Зал разразился аплодисментами и криками «Ура!»
* * *
Скоро важная новость пронеслась по всем трём населённым пунктам. Вспыхивал свет в окнах, раздавались телефонные звонки. Несмотря на позднее время, люди выходили из домов и поздравляли друг друга.
На другой день состоялся сеанс радиосвязи с Северной Америкой.
Сразу по его завершении на танцплощадке возле Грюненсдорфа собрался стихийный митинг. Сменяя друг друга, ораторы говорили о значении происшедшего события, о том, что, обмениваясь опытом, человеческие сообщества во всех концах света будут развиваться значительно быстрее. Наиболее горячие головы предлагали немедленно организовать экспедицию в Огденбург, путь до которого был не так далёк, как до австралийского Маунти. Но даже О’Брайен, не раз предпринимавший рискованные морские путешествия, был категорически против.

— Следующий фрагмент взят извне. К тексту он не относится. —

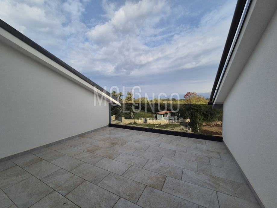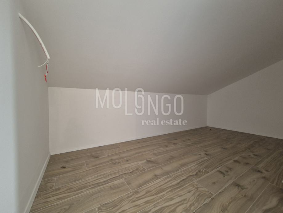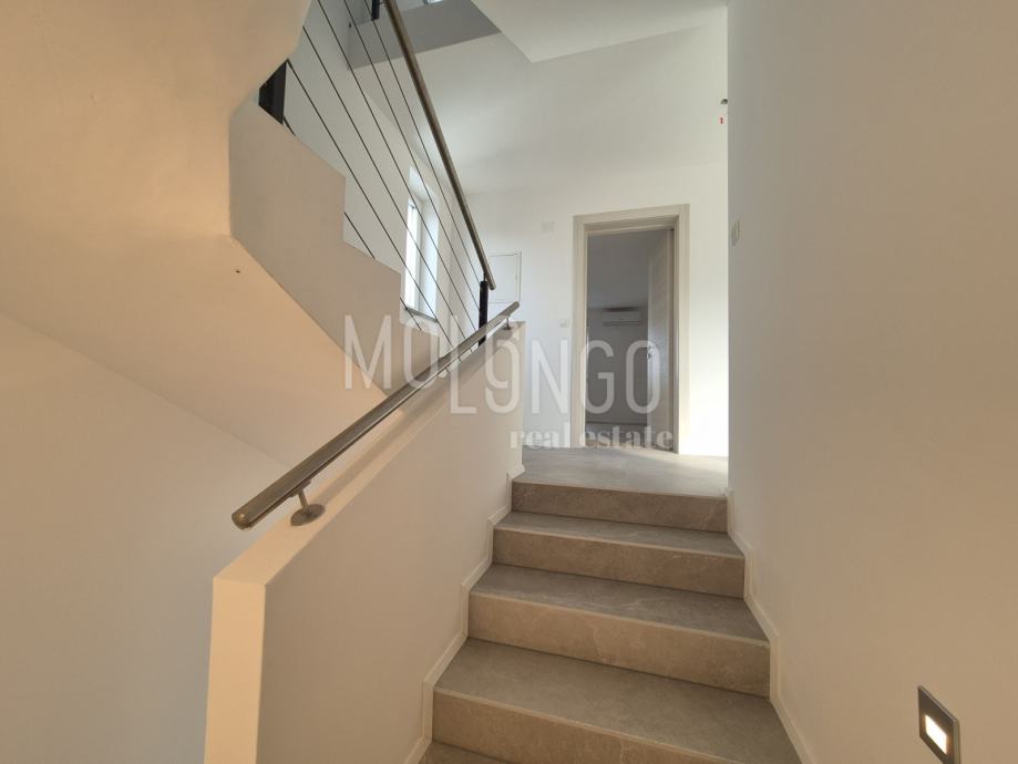 Ova novogradnja stambene površine 194 m2 podijeljena je u tri etaže. U prizemlju se nalaze kuhinja sa snevnim borvakom i blagovoanom, WC, kotlovnica te natkrivena terasa. Unutarnjim stubama dolazi se na kat koji se sastoji od tri spavaće sobe i tri kupaonice, te natkrivene terase s pogledom na more. U potkrovlju se nalazi hodnik, velika soba koju je moguće pregraditi u dvije sobe, dva spremišta, kupaona te krovna terasa s prekrasnim pogledom na more. Kući pripada i prostrana okućnica od 565 m2 koja će biti uređena sadnjom mediteranskog raslinja i koja ima dovoljno prostora za parkirna mjesta, ali i za izgradnju bazena i sunčališta.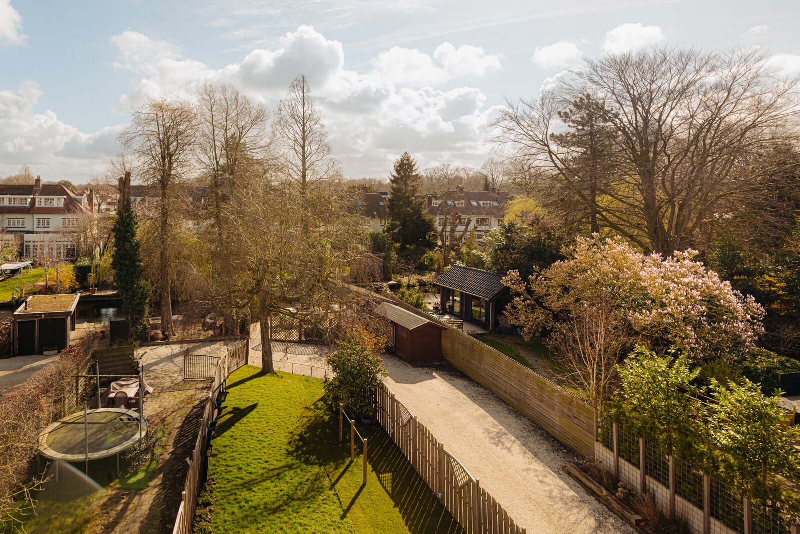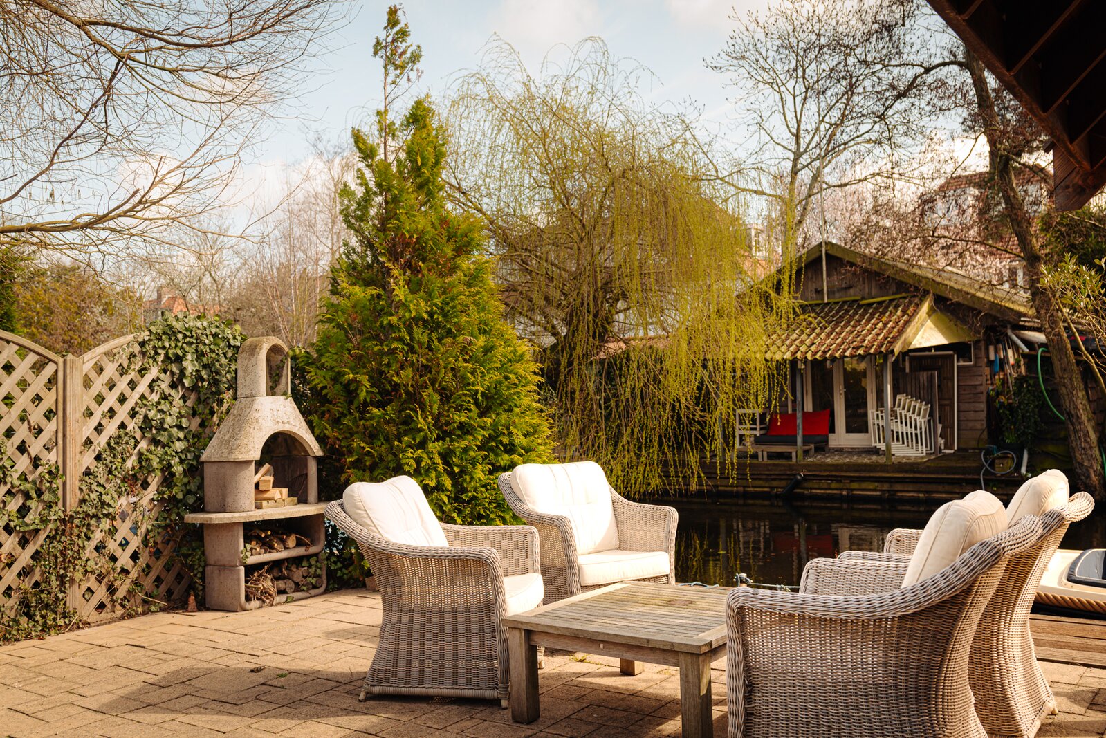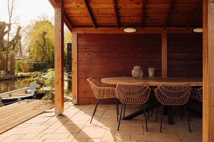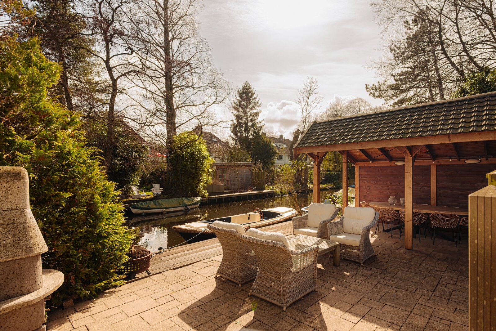 De achtertuin is diep en op het zuidoosten gelegen, met een achterom en een zijpad. Aan het water bevindt zich een steiger met zonneterras met overdekt zitgedeelte. Daarnaast is er een schuurtje en een overkapping voor fietsen, evenals een buitenhaard. Aan de zijkant is de tuin afgesloten door een hoog openslaand hek dat toegang biedt tot het zijpad.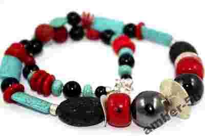 Naszyjnik srebro 925, koral, lawa, turkus, onyks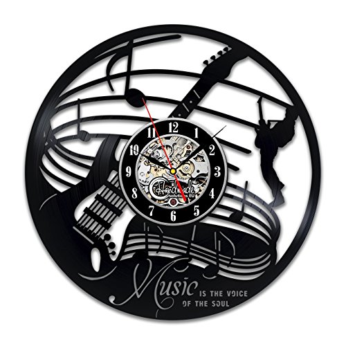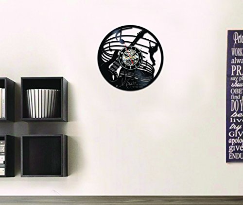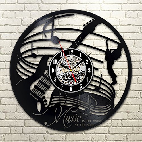 -. Feature : PLEASANT SURPRISE - Imagine the look on your friend's face when they open the box and find this awesome vinyl record clock inside. You don't need anything else when you can get this wonderful clock that's 12 inches in diameter, has a sticker clock face and unique guitar watch mens design! / UNIQUE GUITAR THEMED GIFTS - At our store you can find the variety of the guitar unusual gifts: guitar teacher gifts and guitar shaped gifts for any occasion. Or just surprise someone without any special reason with the whole guitar player kit decor! / SHOW YOUR CARE - This guitar attachment clock makes an original present for your friends and family, it shows your knowledge about their hobbies and interest in guitar akustik items, it shows your love and care for them through this well-chosen clock with the guitar for dummies for the real guitar avengers. / SILENT & EASY TO USE: This wall clock has a silent mechanism - finally you can get rid of the ticking sound in your home. Another advantage of this guitar welsh clock is that it has a hook on the back, so you don't have to puzzle over how to hang this guitar rack wall mounted! / GIFTS SEARCH PROBLEMS ARE OVER! - You've already found the perfect guitar ornaments for men! Finally, you can just choose the design with the guitar eraser or guitar quilt cover you need, click Add to cart and get a great gift delivered directly to the doorstep!

– Я бы охарактеризовал «Ирландию» прежде всего как каботажное судно, – сказал он, – предназначенное для прибрежного плавания. Переправляться на ней через океан чрезвычайно опасно. Да и с чем мы поедем в Америку? С одними разговорами, без всяких грузов? Для разговоров достаточно радиосвязи.

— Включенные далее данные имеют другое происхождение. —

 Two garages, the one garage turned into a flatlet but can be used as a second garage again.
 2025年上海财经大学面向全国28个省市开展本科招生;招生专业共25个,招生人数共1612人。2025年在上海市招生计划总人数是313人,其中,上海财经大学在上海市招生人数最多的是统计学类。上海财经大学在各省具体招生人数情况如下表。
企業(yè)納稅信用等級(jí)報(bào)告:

Стоявший позади митингующих Игорь заметил недалеко от себя Уиллиса.
– А почему ты не выступаешь, Джон? – спросил он, приблизившись к доктору.
– Тут и так есть кому выступать. Я вдруг почувствовал, что большое скопление народа не для меня. Возможно, это из-за многолетнего проживания в окружении всего лишь нескольких человек. Знаешь, Игорь, я с удовольствием побыл бы сейчас на природе, посидел у костра…

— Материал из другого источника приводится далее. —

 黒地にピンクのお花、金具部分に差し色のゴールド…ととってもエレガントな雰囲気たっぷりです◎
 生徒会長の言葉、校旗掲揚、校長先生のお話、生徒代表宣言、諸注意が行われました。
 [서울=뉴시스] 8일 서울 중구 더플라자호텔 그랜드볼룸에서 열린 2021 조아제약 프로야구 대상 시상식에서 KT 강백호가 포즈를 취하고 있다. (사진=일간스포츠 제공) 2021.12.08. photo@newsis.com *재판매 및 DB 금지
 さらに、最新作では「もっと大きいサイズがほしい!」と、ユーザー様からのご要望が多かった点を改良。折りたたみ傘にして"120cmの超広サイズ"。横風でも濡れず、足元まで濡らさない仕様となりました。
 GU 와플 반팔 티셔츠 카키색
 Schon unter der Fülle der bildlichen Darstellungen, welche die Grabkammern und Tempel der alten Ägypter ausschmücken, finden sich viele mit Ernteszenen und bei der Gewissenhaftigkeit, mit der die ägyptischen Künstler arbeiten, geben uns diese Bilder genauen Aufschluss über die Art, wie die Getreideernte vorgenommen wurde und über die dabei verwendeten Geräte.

– Так за чем дело встало? Седлаем лошадей и едем.
– Куда?
– А куда глаза глядят.
– Ты возьмёшь с собой ружьё?
– Нет, я больше привык к луку.
– Только давай не будем никого убивать. Ладно?
– Будь по-твоему. Но лук и стрелы я всё равно возьму.
* * *
Не прошло и получаса, как они уже держали путь на север. На берегу Чёртовой бухты остановились, развели костёр и приготовили еду.
– Сколько событий произошло после катастрофы, – сказал Уиллис, оглядывая акваторию бухты, – сколько испытаний выпало на долю каждого из нас! То, что пережил один, с лихвой хватило бы на целую сотню.
– Теперь испытания позади, – сказал Игорь. – Осталось только жить, работать и растить детей. Скажи-ка мне, док, как там наш Тарзан? Будет он ходить?
– Будет не только ходить, но и бегать. На трёх ногах. Перебитая осколком нога срастётся, перекушенную же кость мы решили не трогать – слишком много времени прошло с момента нанесения травмы. Что касается только жить и работать… Мы не знаем, какие испытания ещё ждут нас впереди. Тут вон какую человеческую цивилизацию сломало, а мы лишь пылинка в сравнении с ней.
Уиллис о чём-то задумался, и Игорь, видя его настроение, отошёл от костра и занялся сбором хвороста. Он вспомнил о пленных, привезённых в Нью-Росс. В качестве временного жилья им предоставили пустовавший дом, снабдили продуктами и одеждой. Клаудии и Патриции предложили работать на молочной ферме, а Фридриха приставили помогать мастеру-стеклодуву. Паулю дали возможность отдыхать до тех пор, пока не заживёт нога. Сегодня утром Фридрих подходил к Игорю и благодарил за то, что их не оставили за морем.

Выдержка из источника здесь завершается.